A group will host a rally on Saturday in support of changing hiring policies to help past offenders get hired.
The Fair Chance Hiring Rally will take place at Heritage Square in Waco at 10 a.m. and it will feature speakers that will talk about the benefits of fair chance hiring practices.
The event, hosted by Fair Chance Waco, aims to increase support for the effort and those with a criminal record affected by current hiring policies are encouraged to attend.
Fair Chance Waco wants an equal playing field for past offenders so they can turn their lives around.
Ken McKeever and Jerrod Clark of Mission Waco spearheaded the effort after having several offenders approach them about the difficulty of finding jobs and housing because of their past criminal history.
"This is for people who want to work. This is for people who want jobs but because of a mistake in the past, they ended with a criminal record. Therefore, they're being prevented from entering productive society and working hard for their living,” said Mission Waco Director of Legal Services Ken McKeever.
McKeever said the change is important to help past offenders because this is a moral issue. In addition, he said if past offenders get jobs, the community safer and the number of repeat offenders would decrease.
The group would like for employers to not ask applicants about their criminal history on the initial application.
“On the front end of the process it gives the applicant the ability to have a fair opportunity to interview and not be discarded because they checked the box on the application that says ‘I have a criminal record,’” said Mission Waco Social Work Director Jerrod Clark.
Under the proposed fair chance hiring policies, an employer would conduct an individualized assessment of the qualified applicant who has a past criminal record. This would entail, looking at the nature of the offense, length of time since the offense occurred and connection to the prospective job.
"We're not asking for charity. We're not asking for an employer to have pity on an individual based on their criminal offense. We want to be reasonable. We want the position to fit well. We don’t want to put the employer at risk,” said Clark.
Waco resident C.J. Allen who said he was incarcerated for four and a half years finds the proposed changes beneficial.
According to Allen, who used to be a truck driver and has experience with videography is currently working odd jobs because he has not been able to find a permanent job.
He believes a few felony charges on his record have prevented him from getting hired.
"I wish people would understand that people do need a second chance to try to get their lives back together and they shouldn't be convicted on what they've done in the past,” said Allen.
He said employers should take a chance hiring someone with a past conviction.
“Don't look at the guidelines at what got the person into trouble. Ask the person what was the problem," said Allen.
Fair Chance Waco is garnering support for changing the hiring policies with an online petition that now has more than a 1,000 signatures.
“It’s a way to show that we have certain number of people that have support for fair hiring policy and to ask the city, the county, state and local employers will you give people a fair chance in the hiring process,” said McKeever.
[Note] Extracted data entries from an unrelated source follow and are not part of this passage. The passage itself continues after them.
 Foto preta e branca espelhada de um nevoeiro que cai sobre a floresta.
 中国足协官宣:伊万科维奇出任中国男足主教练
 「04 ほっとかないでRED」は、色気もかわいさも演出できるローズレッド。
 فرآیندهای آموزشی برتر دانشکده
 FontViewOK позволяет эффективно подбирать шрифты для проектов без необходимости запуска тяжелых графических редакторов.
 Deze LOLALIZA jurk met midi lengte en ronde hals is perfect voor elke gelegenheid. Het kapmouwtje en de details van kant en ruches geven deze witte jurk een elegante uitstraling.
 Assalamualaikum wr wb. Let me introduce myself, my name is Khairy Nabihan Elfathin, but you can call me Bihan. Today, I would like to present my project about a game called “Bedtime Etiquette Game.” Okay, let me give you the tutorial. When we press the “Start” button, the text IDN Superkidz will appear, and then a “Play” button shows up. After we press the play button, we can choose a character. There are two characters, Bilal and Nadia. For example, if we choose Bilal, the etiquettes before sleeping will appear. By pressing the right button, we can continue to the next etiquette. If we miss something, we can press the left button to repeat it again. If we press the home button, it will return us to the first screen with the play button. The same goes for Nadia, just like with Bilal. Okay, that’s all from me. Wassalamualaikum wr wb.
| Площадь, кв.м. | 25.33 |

The group plans to present take those signatures to the Capitol on Tuesday for lawmakers to see the support of this effort. They plan to present a formal proposal to local officials once the effort gets more traction.
The City of Waco changed its hiring policy in 2014 to lower the number of years without a conviction an applicant must have in order to apply.
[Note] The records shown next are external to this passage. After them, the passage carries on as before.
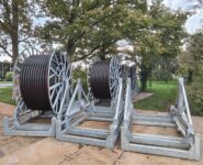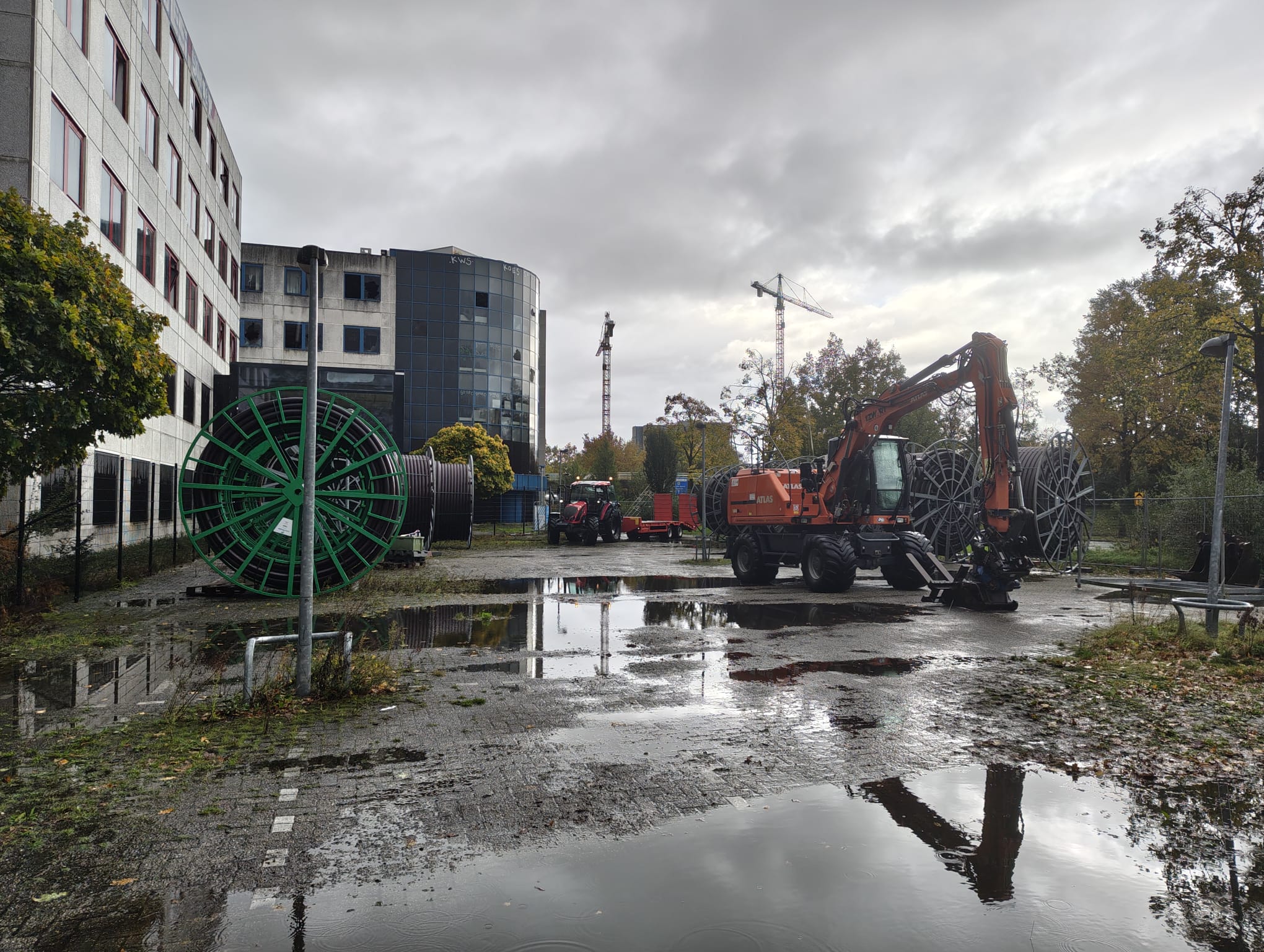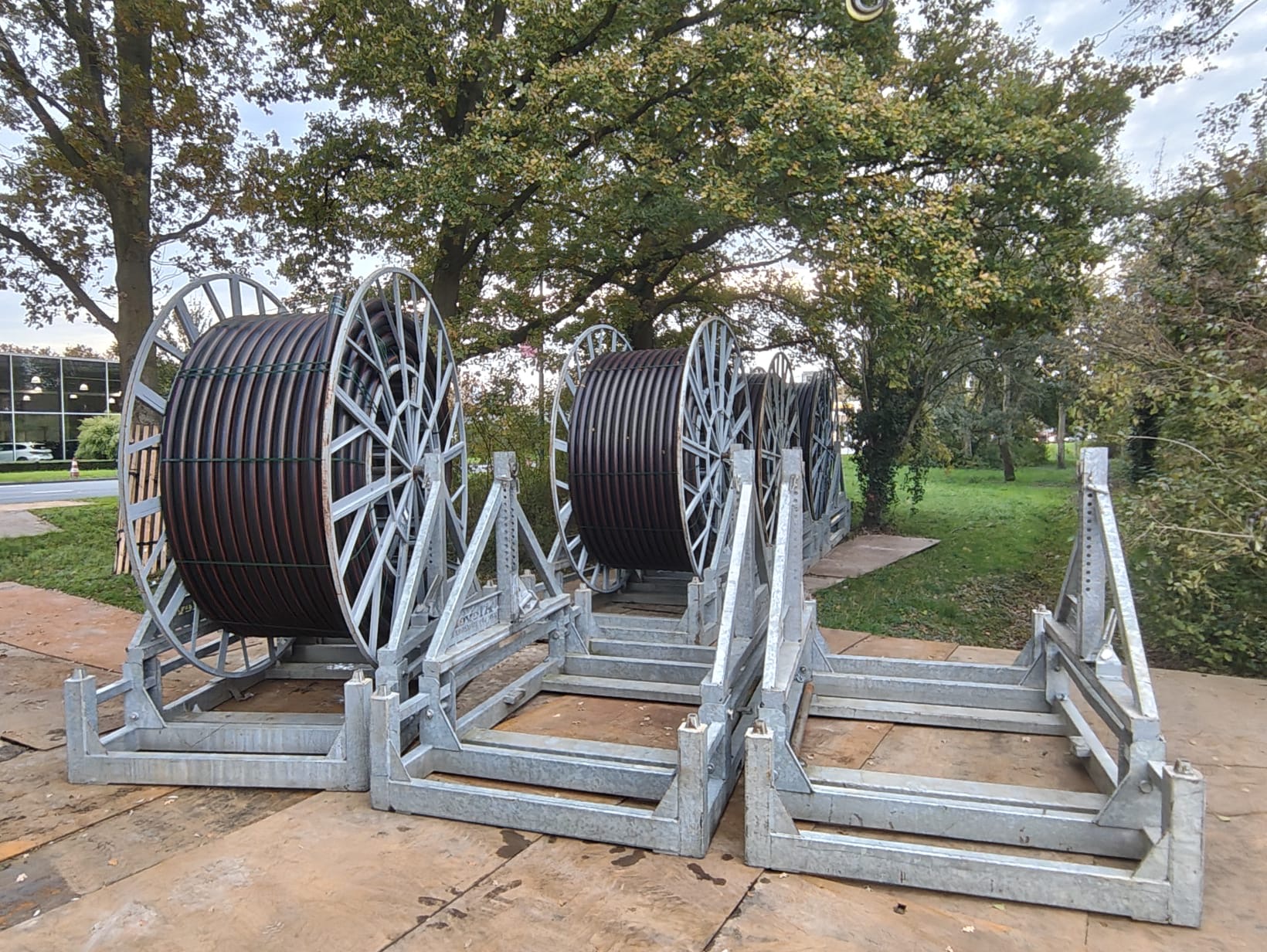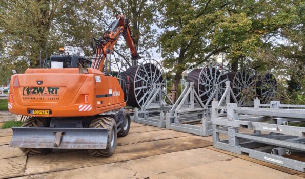Tijdens deze werkzaamheden zorgt onze collega Raymond er met de kraan voor dat de haspels en mantelbuizen veilig en nauwkeurig in de bokken worden gehangen, zodat het project efficiënt en volgens planning kan verlopen.
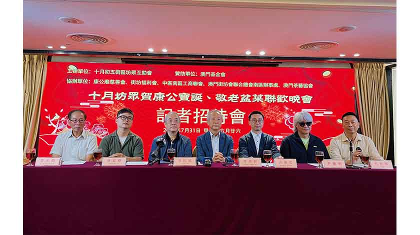 【本報訊】由十月初五街區坊眾互助會主辦、街坊總會南區辦事處、康真君廟慈善會、澳門街坊福利會、澳門中區南區工商聯會、澳門茶藝協會的協辦“十月坊眾賀康公寶誕,敬老盆菜聯歡晚會”,將於八月十日舉行,共筵開四十至五十席,藉活動傳承和發揚敬老愛老精神,提升區內凝聚力,以及盤活該區。
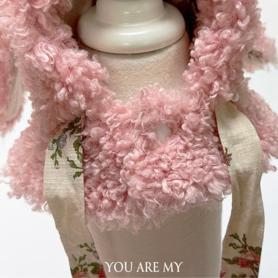 ふんわりとした毛とヴィンテージなフラワーのプリント裏地でラブリーながらも温かく前のリボンポイントでもう一度可愛い魅力アップ!
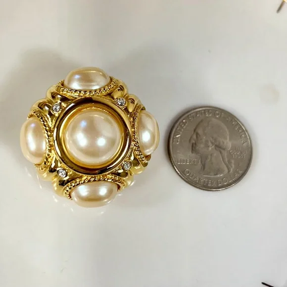 Givenchy Couture Large Pearl & Crystal Clip-On Earrings
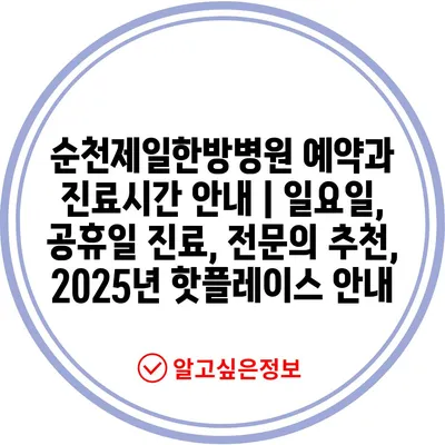 순천제일한방병원 예약과 진료시간 공지 | 일요일, 공휴일 진료, 전연락 추천, 2025년 핫플레이스 공지 에 대해 자주 묻는 질문 TOP 5

Currently, applicants with felony convictions occurring more than five years ago and misdemeanors occurring more than three years ago are considered for employment in the City of Waco. However, an individualized assessment is conducted to determine job fitness for risk sensitivity job.
According to the City of Waco’s Human Resource Department, since the policy changed 42 people with a criminal conviction in their background, including felonies and misdemeanors have been hired.
In McLennan County, the hiring supervisor discretion makes the determination whether a past offender can be hired.